Activity: Could you print all the entries below exactly as they appear, omitting the pictures?
[Material for the task Boundary: Start]
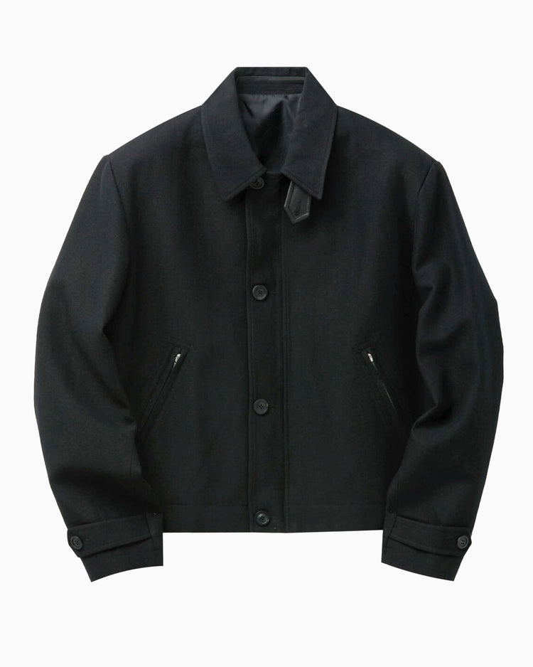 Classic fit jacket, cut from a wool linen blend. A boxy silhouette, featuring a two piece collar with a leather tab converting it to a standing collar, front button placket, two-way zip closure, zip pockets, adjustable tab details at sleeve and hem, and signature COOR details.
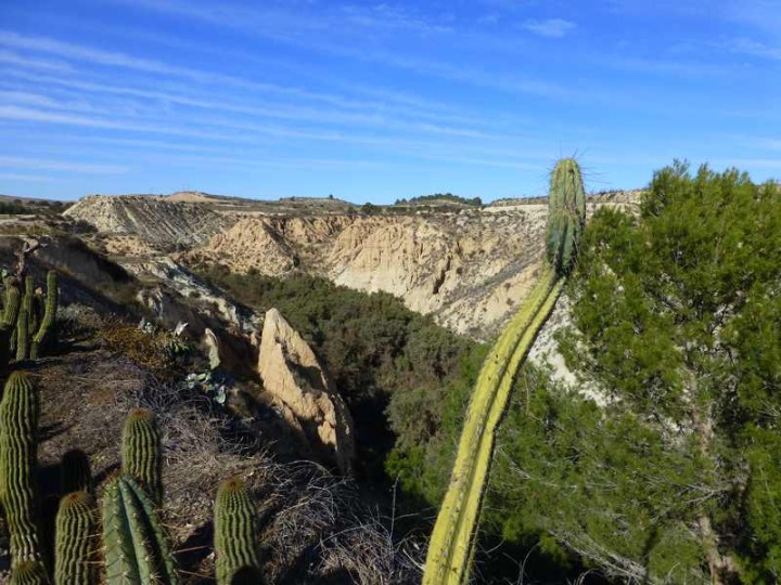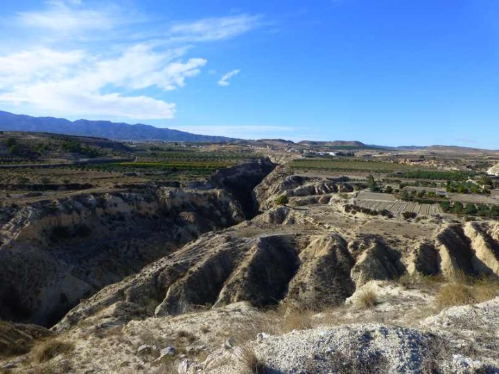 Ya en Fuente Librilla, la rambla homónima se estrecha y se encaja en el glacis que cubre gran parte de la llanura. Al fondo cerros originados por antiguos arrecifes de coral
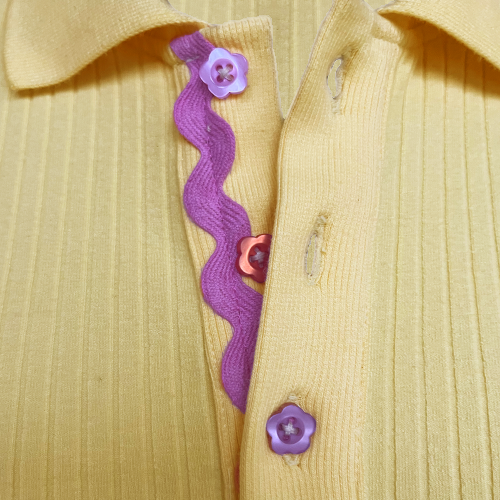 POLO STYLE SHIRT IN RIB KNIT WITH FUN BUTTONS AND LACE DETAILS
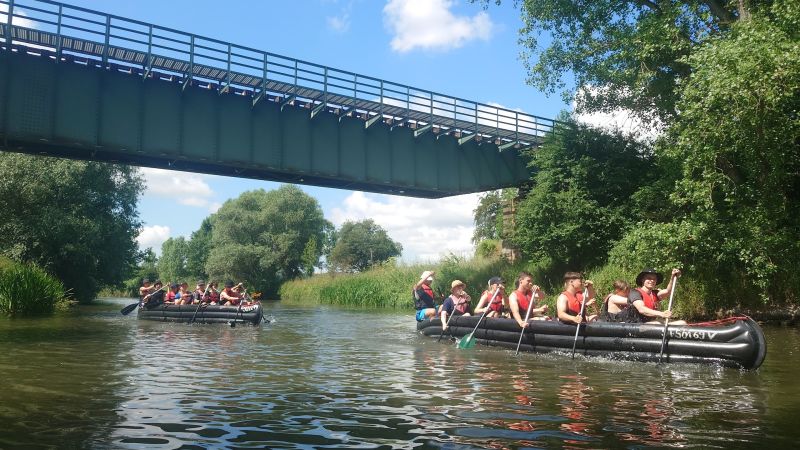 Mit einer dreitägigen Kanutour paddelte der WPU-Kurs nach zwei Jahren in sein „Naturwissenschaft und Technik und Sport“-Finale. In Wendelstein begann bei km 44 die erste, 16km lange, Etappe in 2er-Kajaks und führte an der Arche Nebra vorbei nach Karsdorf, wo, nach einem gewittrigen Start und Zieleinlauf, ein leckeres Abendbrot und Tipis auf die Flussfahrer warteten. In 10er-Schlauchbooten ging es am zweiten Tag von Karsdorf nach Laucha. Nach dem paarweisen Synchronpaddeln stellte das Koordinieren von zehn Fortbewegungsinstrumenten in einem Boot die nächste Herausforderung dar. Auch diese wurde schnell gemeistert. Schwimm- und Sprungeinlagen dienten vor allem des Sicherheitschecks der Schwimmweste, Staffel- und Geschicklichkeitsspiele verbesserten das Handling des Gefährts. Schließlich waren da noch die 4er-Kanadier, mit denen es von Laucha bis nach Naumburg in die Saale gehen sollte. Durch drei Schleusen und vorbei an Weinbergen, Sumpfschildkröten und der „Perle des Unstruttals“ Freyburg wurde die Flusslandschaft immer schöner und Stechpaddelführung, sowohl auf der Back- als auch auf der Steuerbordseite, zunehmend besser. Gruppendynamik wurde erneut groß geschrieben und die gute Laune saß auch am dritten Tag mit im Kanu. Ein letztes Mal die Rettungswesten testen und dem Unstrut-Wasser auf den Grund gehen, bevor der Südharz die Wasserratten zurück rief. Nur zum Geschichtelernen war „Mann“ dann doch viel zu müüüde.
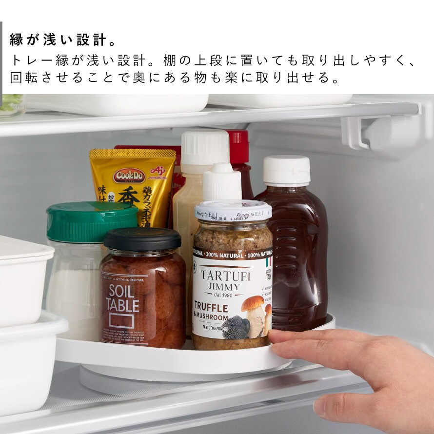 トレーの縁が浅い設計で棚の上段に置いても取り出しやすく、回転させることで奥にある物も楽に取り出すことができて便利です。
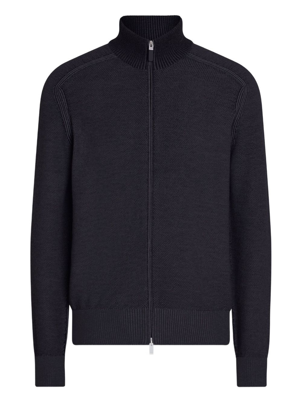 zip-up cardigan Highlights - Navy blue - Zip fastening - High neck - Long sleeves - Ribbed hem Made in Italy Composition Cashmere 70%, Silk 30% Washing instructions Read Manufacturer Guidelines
[Material for the task Boundary: End]
Solution below:
 Classic fit jacket, cut from a wool linen blend. A boxy silhouette, featuring a two piece collar with a leather tab converting it to a standing collar, front button placket, two-way zip closure, zip pockets, adjustable tab details at sleeve and hem, and signature COOR details.
 Ya en Fuente Librilla, la rambla homónima se estrecha y se encaja en el glacis que cubre gran parte de la llanura. Al fondo cerros originados por antiguos arrecifes de coral
 POLO STYLE SHIRT IN RIB KNIT WITH FUN BUTTONS AND LACE DETAILS
 Mit einer dreitägigen Kanutour paddelte der WPU-Kurs nach zwei Jahren in sein „Naturwissenschaft und Technik und Sport“-Finale. In Wendelstein begann bei km 44 die erste, 16km lange, Etappe in 2er-Kajaks und führte an der Arche Nebra vorbei nach Karsdorf, wo, nach einem gewittrigen Start und Zieleinlauf, ein leckeres Abendbrot und Tipis auf die Flussfahrer warteten. In 10er-Schlauchbooten ging es am zweiten Tag von Karsdorf nach Laucha. Nach dem paarweisen Synchronpaddeln stellte das Koordinieren von zehn Fortbewegungsinstrumenten in einem Boot die nächste Herausforderung dar. Auch diese wurde schnell gemeistert. Schwimm- und Sprungeinlagen dienten vor allem des Sicherheitschecks der Schwimmweste, Staffel- und Geschicklichkeitsspiele verbesserten das Handling des Gefährts. Schließlich waren da noch die 4er-Kanadier, mit denen es von Laucha bis nach Naumburg in die Saale gehen sollte. Durch drei Schleusen und vorbei an Weinbergen, Sumpfschildkröten und der „Perle des Unstruttals“ Freyburg wurde die Flusslandschaft immer schöner und Stechpaddelführung, sowohl auf der Back- als auch auf der Steuerbordseite, zunehmend besser. Gruppendynamik wurde erneut groß geschrieben und die gute Laune saß auch am dritten Tag mit im Kanu. Ein letztes Mal die Rettungswesten testen und dem Unstrut-Wasser auf den Grund gehen, bevor der Südharz die Wasserratten zurück rief. Nur zum Geschichtelernen war „Mann“ dann doch viel zu müüüde.
 トレーの縁が浅い設計で棚の上段に置いても取り出しやすく、回転させることで奥にある物も楽に取り出すことができて便利です。
 zip-up cardigan Highlights - Navy blue - Zip fastening - High neck - Long sleeves - Ribbed hem Made in Italy Composition Cashmere 70%, Silk 30% Washing instructions Read Manufacturer Guidelines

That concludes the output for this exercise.